Our company has hundreds of internal developers, and the goal is to give them AI-powered code assistants and development tools — think GitHub Copilot, but running entirely inside our closed network. When the rest of the world just opens a browser and uses ChatGPT or Claude, we’re figuring out how to run LLMs on isolated servers behind firewalls that don’t touch the internet.

It’s a fascinating challenge. How do you fine-tune a model without internet access? How do you update it? How do you evaluate it against benchmarks when your system can’t reach Hugging Face? The 망분리 (network separation) that makes everyday work frustrating becomes a genuine technical puzzle when you’re trying to implement cutting-edge AI.

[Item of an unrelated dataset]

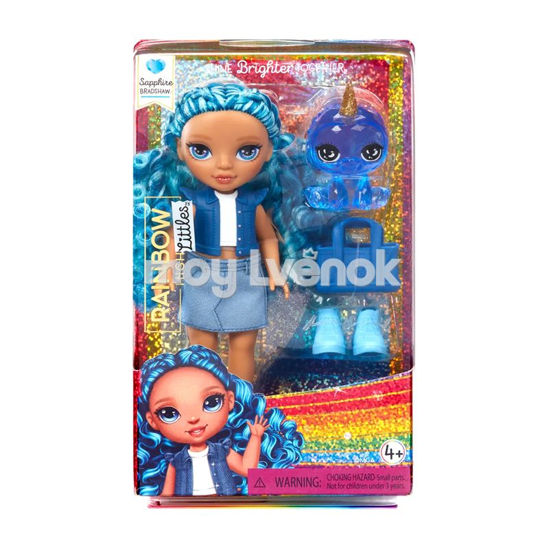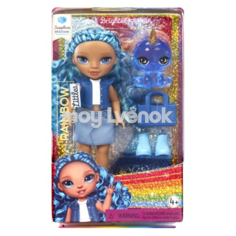 Сапфир Littles - это кукла высотой 15 см с длинными густыми прошитыми волосами, подвижными ручками и ножками. В наборе: модная кукла, комплект одежды и обуви, сумка, питомец. Собери всю коллекцию младших сестренок Литтлс и придумывай еще больше веселых игр в мире Рейнбоу Хай!

These are the problems I think about now. A long way from watching Hackers as a kid.

What Foreigners Get Wrong

Let me address a few things I consistently see in English-language content about working in Korean tech:

“Korean developers work 16-hour days.” Maybe at some startups, during crunch time. But at large financial companies? My PC shuts down at 6. The extreme overtime stories are increasingly historical, not current.

“The Korean tech scene is just Samsung and startups.” There’s an enormous middle ground that nobody writes about in English: the IT divisions of banks, insurance companies, telecom firms, and conglomerates. Thousands of IT professionals work in these environments. The culture is different from a Pangyo startup, the tools are different, the constraints are different — but the work is real and often more complex than people assume.

“You need a CS degree to work in Korean tech.” I’m a humanities major. I got into this industry because I loved computers, studied networking on my own, and took opportunities as they came. Is a CS degree helpful? Obviously. Is it required? My fifteen-year career suggests otherwise.

“Korean work culture is toxic.” Parts of it were. Some parts still are, somewhere. But the Korea I work in today is genuinely different from the Korea I started working in. The hours are shorter. The dress code is relaxed. The hierarchy has softened. The hoesik is optional. It’s not perfect. But the direction of change is undeniably positive.

The Honest Summary

Some days, I get an on-call alert at midnight about a filesystem hitting 80% capacity. I check my phone, make a mental note, and go back to sleep. I’ll handle it tomorrow.

Other days, I eat a ₩6,500 cafeteria lunch that’s honestly better than most restaurant meals, grab a ₩2,000 iced Americano with my team, and spend the afternoon figuring out how to make an AI code assistant work inside a network that can’t reach the outside world.

I wear jeans. I go home when my PC shuts down at 6. I started as a humanities major who loved a cheesy 90s hacker movie, and now I’m building AI code assistants on a financial institution’s closed network.

It’s not glamorous. It won’t make TechCrunch. But it’s real, it’s stable, and after fifteen years — honestly? It’s pretty good.

That’s what working in Korean tech looks like — at least, my version of it. Not the startup version. Not the 네카라쿠배 version. Just one Korean IT guy’s life in Gangnam.